Пускай в Харькове, у бледного ВУЦИКа Мчат рысаки и визжат проститутки, Ведь есть еще люди в кожанках куцых, В работе запойной, за сутками сутки.
Но втайне был очень доволен. Все происходило как у настоящих взрослых литераторов: „прорабатывали“ за идеи, но признавали удачи формы. Кто-то даже сказал о таланте.
…Прошла неделя, пока я обсуждал с приятелями, что делать, – каяться или упираться? Колебался, сомневался. Но про себя гордился – это были серьезные „идейно-творческие“ колебания и сомнения. Как у настоящего поэта.
В конце концов, я все же признал, что „допустил“, и с мужественной, суровой печалью говорил, что многое передумал, осознал и теперь понимаю, что переоценивал то и недооценивал это. Обещал „еще глубже продумать“ и возможно скорее „перестроиться“.
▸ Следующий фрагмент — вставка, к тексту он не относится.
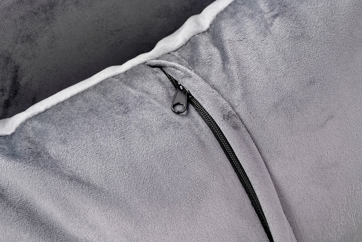 Siedzisko oraz poduszka tapicerowane są aksamitnym welurem w kolorze ciemnej szarości.
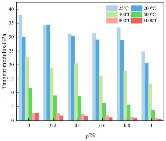 With the increase in temperature, the forms of the stress–strain curves of each mortar group progressively flatten; the peak points of the curves shift rightwards and downwards; and the stiffness rapidly degenerates. The peak strain of the mortar variably enlarges, with the cement mortar exposed to 1000 °C exhibiting a 1.2–2.1-fold increment in peak strain compared to the fiber cement mortar at an ambient temperature. The peak strain of the PP fiber mortar exhibits a gradual decrease as the temperature increases. Under high-temperature conditions, the tangent modulus of the mortar gradually diminishes, with the cement mortar demonstrating a decline of approximately 90% in tangent modulus compared to the fiber cement mortar at an ambient temperature after exposure to 1000 °C. This occurs as the internal binding substances within the fiber mortar are altered and the PP fibers melt, resulting in a gradual increase in the mortar’s porosity and a corresponding reduction in density []. This is primarily characterized by an increase in internal porosity and a decrease in density as the temperature increases. The material’s structure progressively becomes more porous, resulting in a reduction in stiffness and a decline in the tangent modulus. The mortar’s tangent modulus is generally influenced by the specimen’s porosity and density. In general, the tangent modulus of PP-fiber-reinforced mortar decreases progressively as the temperature increases. Figure 15 and Figure 16 depict the influence of temperature on the peak strain and tangent modulus of the PP fiber mortar.

„Юнь“ просуществовала недолго. Числившийся у нас критиком Роман Кацман24 опубликовал в газете „Вечернее радио“ фельетон и зло, но довольно правдиво описал наши сборища. Назвал он, впрочем, лишь одного Тодика Робсмана, вывернув наизнанку его фамилию – „Намсбор“ – „дружок хулиганов, именующий себя гениальным поэтом“. Но многозначительно помянул и нездоровые, упадочнические стихи некоторых юношей, растерявшихся перед НЭПом. Меня вызвали в правление дома Блакитного и предложили подготовить подробный отчет о творческой деятельности нашей организации, а также обсудить с товарищами „сигналы печати“ и дать обоснованный ответ.[193]
На следующем собрании мы провели „чистку“ и одним из первых вычистили предателя Кацмана за то, что он, ни разу не выступив у нас, побежал ябедничать в газету. Тодик обещал, что еще и зубы ему „почистит“. Но осторожный зоил избегал встреч с нами.
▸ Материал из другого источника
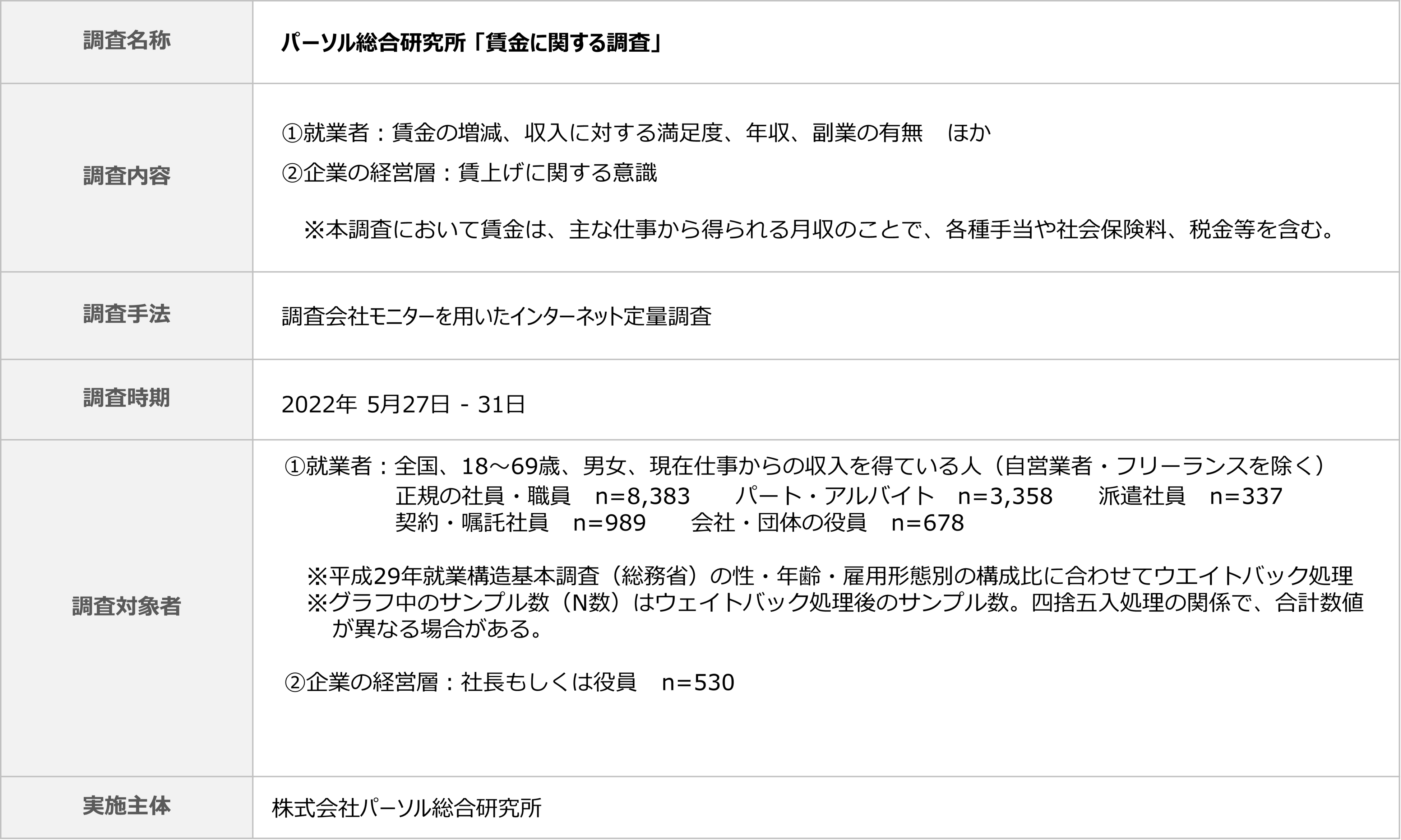 株式会社パーソル総合研究所(本社:東京都港区、代表取締役社長:渋谷和久)は、賃金に関する調査結果を発表いたします。本調査は、就業者の賃金に関する実態および、企業の経営層の賃上げに対する意識などについて、定量的なデータで把握し、経営・人事に資する提言を行うことを目的に実施しました。

Ответ написать не удалось. Возражать по существу было трудно. Началось лето, время каникул, отпусков и подготовки к экзаменам. „Юнь“ распалась и о нас просто забыли.
Осенью возникло новое литературное содружество „Порыв“. Заводилами в нем были Иван Калянник25 и Сергей Борзенко.26
Иван, самый талантливый, да, пожалуй, и самый умный из нас, любил прикидываться этаким простачком-Иванушкой, наивным увальнем.
В начале он писал несколько „есенистые“ стихи.
Ты прошла и плитки тротуара Расцвели, как в поле васильки.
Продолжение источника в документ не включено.